## Exercise material
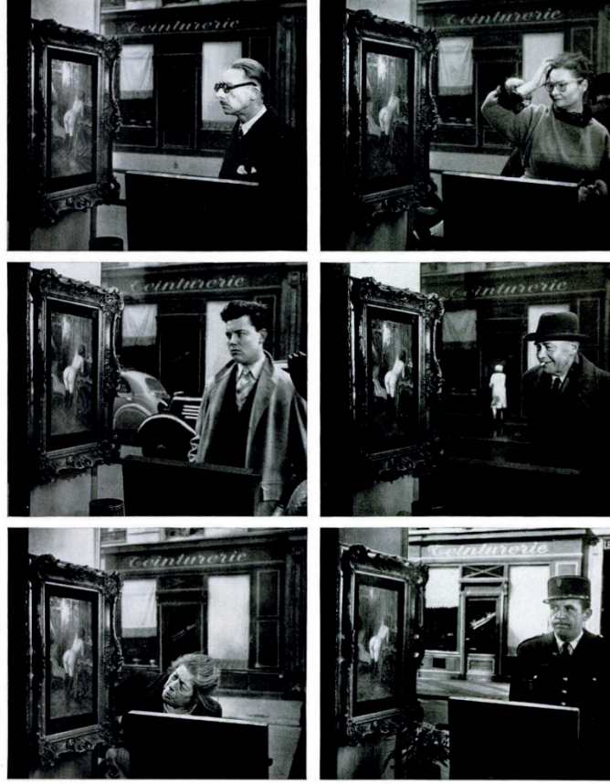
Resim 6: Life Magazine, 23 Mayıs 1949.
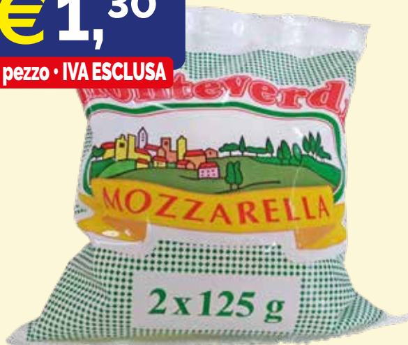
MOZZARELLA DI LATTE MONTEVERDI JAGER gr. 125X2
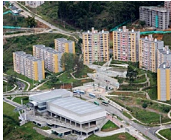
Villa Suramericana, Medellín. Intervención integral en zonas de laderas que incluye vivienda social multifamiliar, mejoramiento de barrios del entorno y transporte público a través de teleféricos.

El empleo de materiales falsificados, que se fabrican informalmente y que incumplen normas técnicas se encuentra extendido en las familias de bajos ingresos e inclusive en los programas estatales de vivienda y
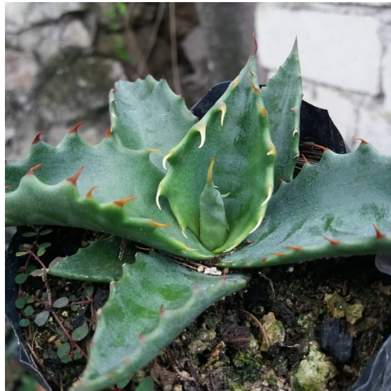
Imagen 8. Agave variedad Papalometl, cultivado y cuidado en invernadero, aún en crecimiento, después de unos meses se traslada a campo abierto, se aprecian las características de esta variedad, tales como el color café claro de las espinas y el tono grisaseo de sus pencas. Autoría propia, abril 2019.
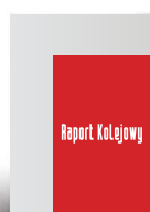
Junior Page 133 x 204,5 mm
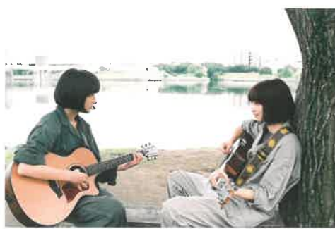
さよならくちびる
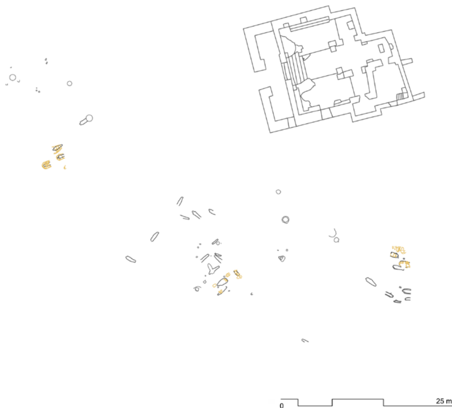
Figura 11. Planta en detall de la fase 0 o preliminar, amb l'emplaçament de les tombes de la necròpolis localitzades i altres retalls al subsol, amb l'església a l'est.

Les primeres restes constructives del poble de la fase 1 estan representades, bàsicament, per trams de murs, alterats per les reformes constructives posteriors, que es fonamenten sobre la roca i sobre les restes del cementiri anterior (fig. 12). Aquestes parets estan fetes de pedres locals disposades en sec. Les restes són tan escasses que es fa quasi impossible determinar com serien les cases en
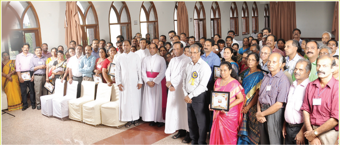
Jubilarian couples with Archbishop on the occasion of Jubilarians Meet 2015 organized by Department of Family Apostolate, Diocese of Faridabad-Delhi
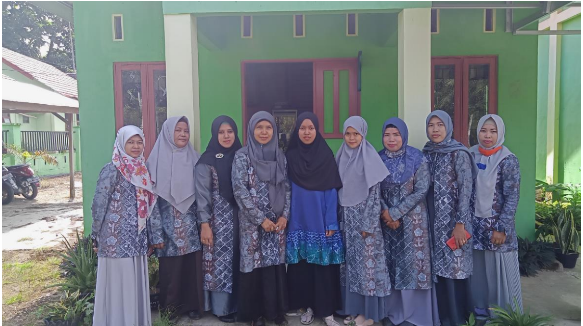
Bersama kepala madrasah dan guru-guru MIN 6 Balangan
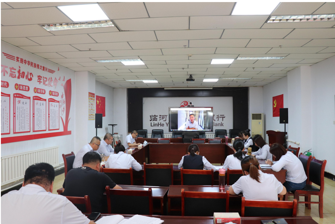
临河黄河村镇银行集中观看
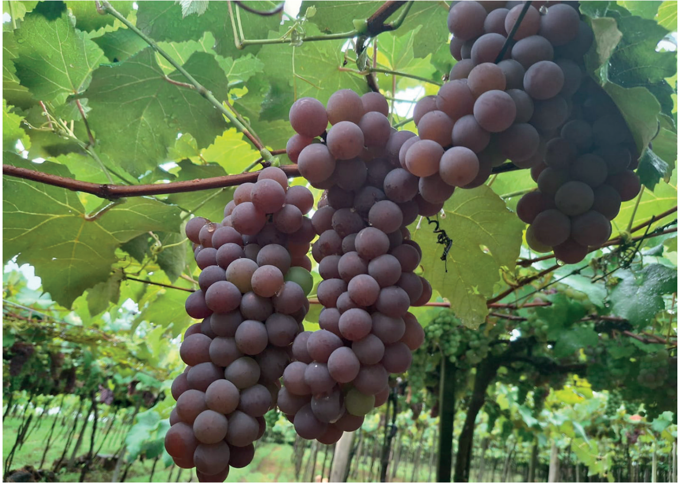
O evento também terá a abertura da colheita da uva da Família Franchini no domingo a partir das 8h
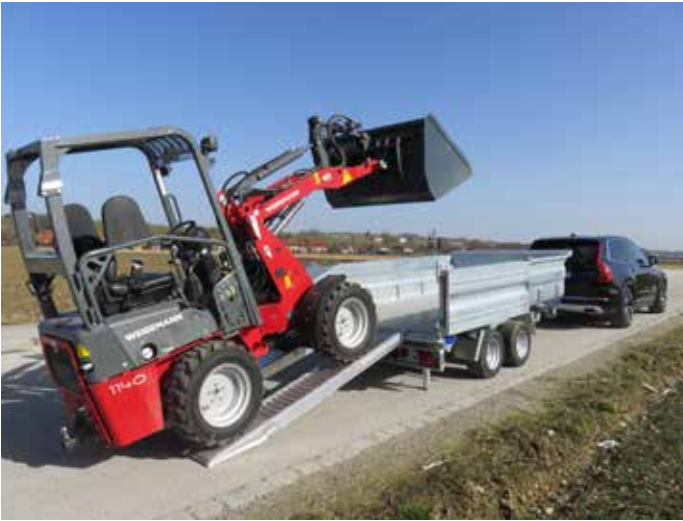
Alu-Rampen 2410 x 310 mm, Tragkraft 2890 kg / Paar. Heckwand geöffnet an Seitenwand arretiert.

## About this exercise
Copy out whichever lines of the listing contain the word "vivienda".

## Written response
Villa Suramericana, Medellín. Intervención integral en zonas de laderas que incluye vivienda social multifamiliar, mejoramiento de barrios del entorno y transporte público a través de teleféricos.
El empleo de materiales falsificados, que se fabrican informalmente y que incumplen normas técnicas se encuentra extendido en las familias de bajos ingresos e inclusive en los programas estatales de vivienda y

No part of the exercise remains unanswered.